Dr. Martin Trauth, University of Potsdam

Researchers and students at the University of Potsdam are reconstructing Earth’s environment as it existed millions of years ago. By analyzing algae and organisms in sediment samples taken from ancient lakes in East Africa, they make inferences about the environment long ago, including the salinity of lakes, water depths, and abundance of nutrients.

Using MATLAB® and companion toolboxes, they apply multiple techniques to analyze spatially and temporally sampled environmental data. They then link environmental changes with known jumps in human and animal evolution to predict how present-day climate changes will affect the biosphere.

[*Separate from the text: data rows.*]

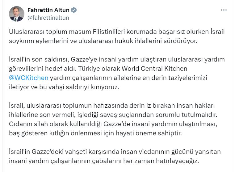 İLETİŞİM Başkanı Fahrettin Altun, “İsrail, uluslararası toplumun hafızasında derin iz bırakan insan hakları ihlallerine son vermeli, işlediği savaş suçlarından sorumlu tutulmalıdır. Gıdanın silah olarak kullanıldığı Gazzede insani yardımın ulaştırılması, baş gösteren kıtlığın önlenmesi için hayati öneme sahiptir” dedi.İletişim Başkanı Altun, sosyal medya hesabından yaptığı açıklamada, “Uluslararası toplum masum Filistinlileri korumada başarısız olurken İsrail soykırım eylemlerini ve uluslararası hukuk ihlallerini sürdürüyor. İsrailin son saldırısı, Gazzeye insani yardım ulaştıran uluslararası yardım görevlilerini hedef aldı. Türkiye olarak World Central Kitchen yardım çalışanlarının ailelerine en derin taziyelerimizi iletiyor ve bu vahşi saldırıyı kınıyoruz. İsrail, uluslararası toplumun hafızasında derin iz bırakan insan hakları ihlallerine son vermeli, işlediği savaş suçlarından sorumlu tutulmalıdır. Gıdanın silah olarak kullanıldığı Gazzede insani yardımın ulaştırılması, baş gösteren kıtlığın önlenmesi için hayati öneme sahiptir. İsrailin Gazzedeki vahşeti karşısında insan vicdanının gücünü yansıtan insani yardım çalışanlarının çabalarını her zaman hatırlayacağız” dedi.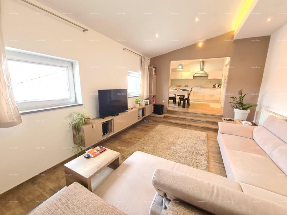 V prvem nadstropju hiše se nahaja veliko stanovanje s 3 spalnicami, hodnikom, kopalnico, kuhinjo z jedilnico in dnevno sobo, veliko teraso cca 20 m2.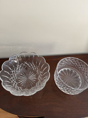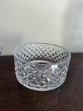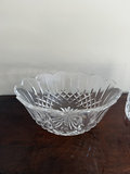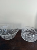Two Waterford crystal glass bowls with intricate cut patterns; 7 and 8” one features a scalloped edge with a starburst design and the other has a diamond-cut lattice pattern.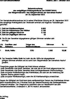 Bekanntmachung des endgültigen Wahlergebnisses der DIREKTWAHL der Bürgermeisterin / des Bürgermeisters der Gemeinde Neuhof am 25. September 2022

“There is no better tool for establishing links in the data than MATLAB,” says Dr. Martin Trauth, associate professor at University of Potsdam. “MATLAB makes the process efficient for our researchers and students because they only have to learn one tool to work with everything from algae communities to digital elevation models.”


The time series data acquired from lake sediment typically shows long-term climate trends, sudden events, or recurring rainfall cycles in East Africa.

To identify cycles and patterns in this data, researchers apply methods of linear and nonlinear spectral analysis, frequency selective and adaptive filters, and time-variable deconvolution techniques. Before using MATLAB, Trauth had tried to use Fortran routines to perform the analysis, but this approach was error-prone.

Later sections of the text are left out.